— Я не верю. Ты не сумеешь добиться. Ничего, ничего не сумеешь... слишком глубока пропасть между нашими странами. Оставайся. Будем вместе...
— Я поеду в посольство...
— Зачем, зачем я встретила тебя? Чтобы потерять?
Лишь под утро она перестала всхлипывать и задремала, уткнувшись головой в его широкую грудь.
Он всю ночь пролежал с открытыми глазами.
Позднее, в салоне мощного воздушного корабля «Боинг-707», Каргапольцев еще раз вспоминал все: и ее обжигающее дыхание, и шепот, и крупные холодные слезы.
Он и сам сомневался в том, что ему удастся добиться разрешения для Эллы: сколько их, непреодолимых препятствий на их пути!
Лишь в Вашингтоне Каргапольцев на время немного забылся.
Неподалеку от здания советского посольства его остановил полицейский, потребовал предъявить документы. Сделав какие-то пометки в записной книжке, полицейский возвратил документы и повернулся спиной к Иннокентию. Его будто больше не существовало...

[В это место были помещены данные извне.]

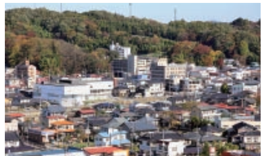
▲中心市街地の活性化(市民交流センター周辺)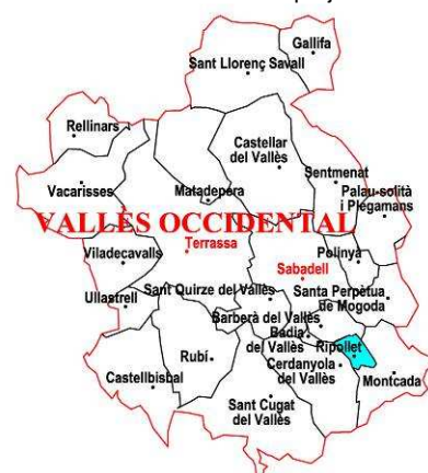
Mapes de localització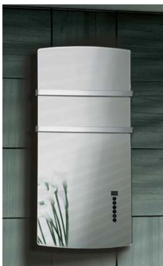
E-Comfort DEVA Spiegel

E-Comfort DEVA Wit glas met tiptoetsbediening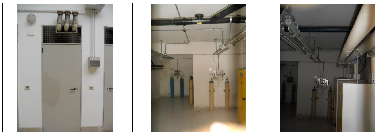
FOTO DA N. 1 A N. 3

В посольстве беседа продолжалась около четырех часов: Каргапольцев рассказывал о себе.
Сотрудник посольства, рослый блондин, лет тридцати пяти, Игорь Николаевич, слушал его внимательно, изредка приглаживая рукой свою волнистую шевелюру.
— Что ж, товарищ Каргапольцев, и верно, пора, пожалуй, на родину. Вам бояться нечего: за то, что попали в плен, у нас не преследуют. Даже те, кто сотрудничал с немецко-фашистскими захватчиками, но не зверствовал, теперь амнистированы. А это вы хорошо сказали, Иннокентий Михайлович, что годы скитаний на чужбине — это годы, вычеркнутые из жизни.
Обращение по имени и отчеству, да еще «товарищ» к фамилии — Каргапольцев ощутил как будто физически...
— Что касается Эллы Хитт, тут дело трудное. Прямо скажу, выезд ей, очевидно, госдепартамент не разрешит.
— Может быть, потом? — с надеждой спросил Иннокентий.
— Потом? Конечно, трудно предсказывать... Да, а деньги у вас есть? Возьмите немного. Вот тут напишите, заполните анкеты и недели через две-три, думаю, получите документы, чтобы домой. Может, и о ваших близких что-нибудь сообщим вам.
Он проводил Иннокентия до двери и вдруг сказал:
— Такой здоровенный русский мужичище и вдруг столько лет шляется под чужими окнами, а?
В посещении посольства для Иннокентия не оказалось ничего трагического. Ничего мучительного. Ничего страшного. Через несколько дней Игорь Николаевич сказал ему:
— Ждите вызова, Иннокентий Михайлович, Элле и ее отцу... Как его? Хитту, — Игорь Николаевич весело рассмеялся, — передайте мой привет. Они, видать, неплохие люди, с русской душой.
Может быть, страшное будет потом, дома?..
Иннокентий стоял на верхней палубе теплохода... Прощайте, нью-йоркские небоскребы, прощай, статуя Свободы! Большое воспоминание, большое впечатление... И все-таки, разлука с Эллой куда страшней. С Америкой-то расставаться вовсе просто.
Элла не сделала ему больше ни одного упрека. Иннокентий не мог вспоминать без волнения ее неумелые и жадные ласки.
Ну, а Леонтий Архипович? Он в душе, конечно, рад, что Элла осталась с ним... Обиделся, правда, что Иннокентий отказался от заработка за много месяцев, взял только на дорожные расходы.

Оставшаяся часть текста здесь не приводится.